Can the world find an alternative to the dollar?
The United States is the most flexible financial market, not only because of network effects, but also because the dollar is difficult to exchange for other countries, especially China. America has the clearest, most transparent corporate governance, with minimal discrimination between domestic residents and foreigners. The global trading system is highly unbalanced, with many large economies, including China, Germany, Japan, and Russia, struggling with unequal income distributions, which have reduced domestic consumption. They have forced their savings rates down. Weak consumption leads to weak investment. These economies need continuous trade surpluses to replace the excess production that drives their economies. But surplus economies need to acquire foreign assets in exchange for their surpluses. This is where the United States, Britain (UK), Australia, Canada, New Zealand, and other Anglophone economies with similar markets play their most important role.

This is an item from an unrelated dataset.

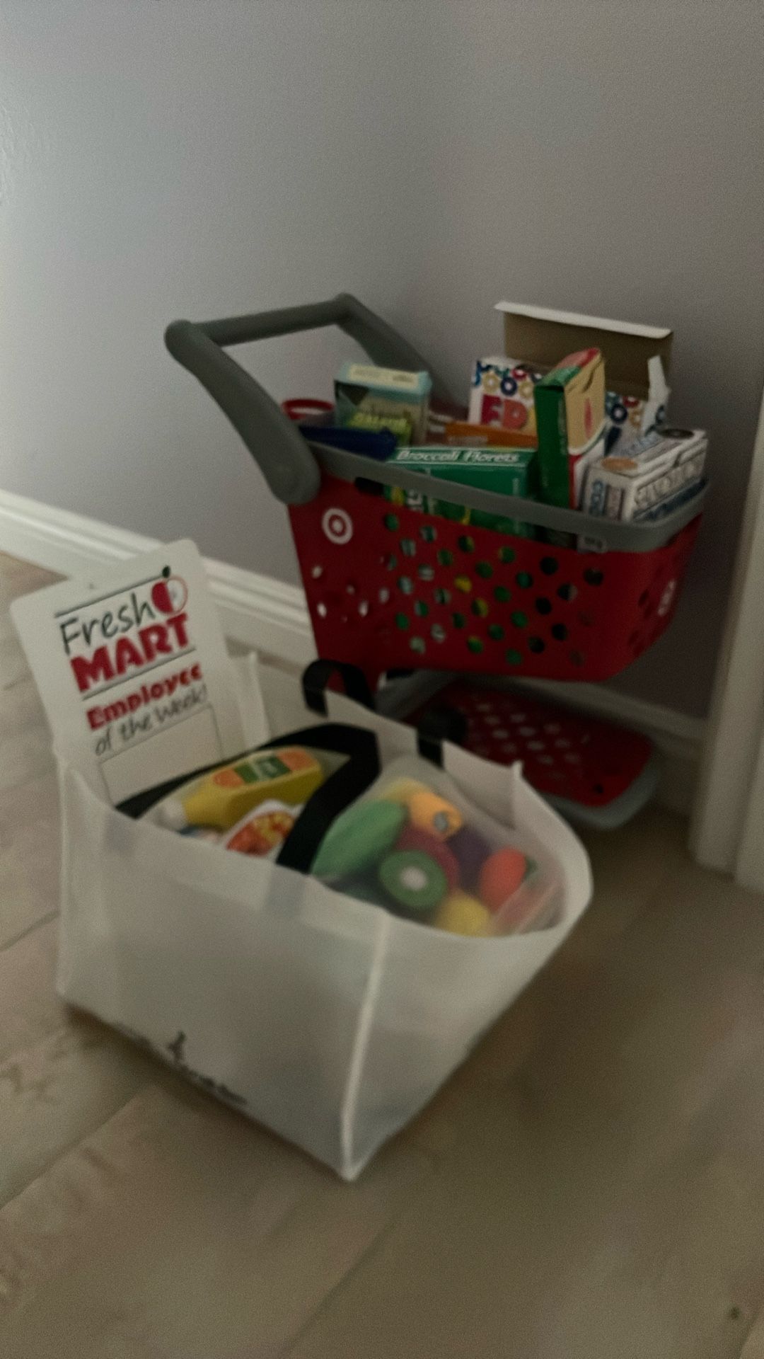 4 toy sets mixed. Everything about grocery shopping and vegetables & fruit. Clean and excellent condition. Melissa & Doug Fresh Mart Grocery Store Play Food and Role Play Companion Set, Kids Grocery Store Pretend Pretend Food ($23.99 @amazon) Melissa & Doug Wooden Cutting Fruit Toy Food Set & Pretend Play Kitchen Accessories ($12.89 @amazon) Melissa & Doug Felt Food Sandwich Play Food Set (33 pcs) ($21.59 @amazon) Target toy shopping cart ($19.99 @Target)

They allow foreigners unlimited access to local assets. In other words, they are the only major economies willing to run permanent trade deficits to meet the needs of countries with foreign surpluses to acquire foreign assets. No other major economy can accept this burden. This explains why the dollar continues to be the dominant currency, despite decades of complaints from the international community. More importantly, Japan and the European Union (EU), along with the most advanced, non-Anglophone economies, run permanent surpluses themselves, so they cannot absorb the surpluses of countries like China and Russia. According to the International Monetary Fund (IMF), more than 61% of the world’s currency reserves are in dollars, making it very difficult to replace the US dollar.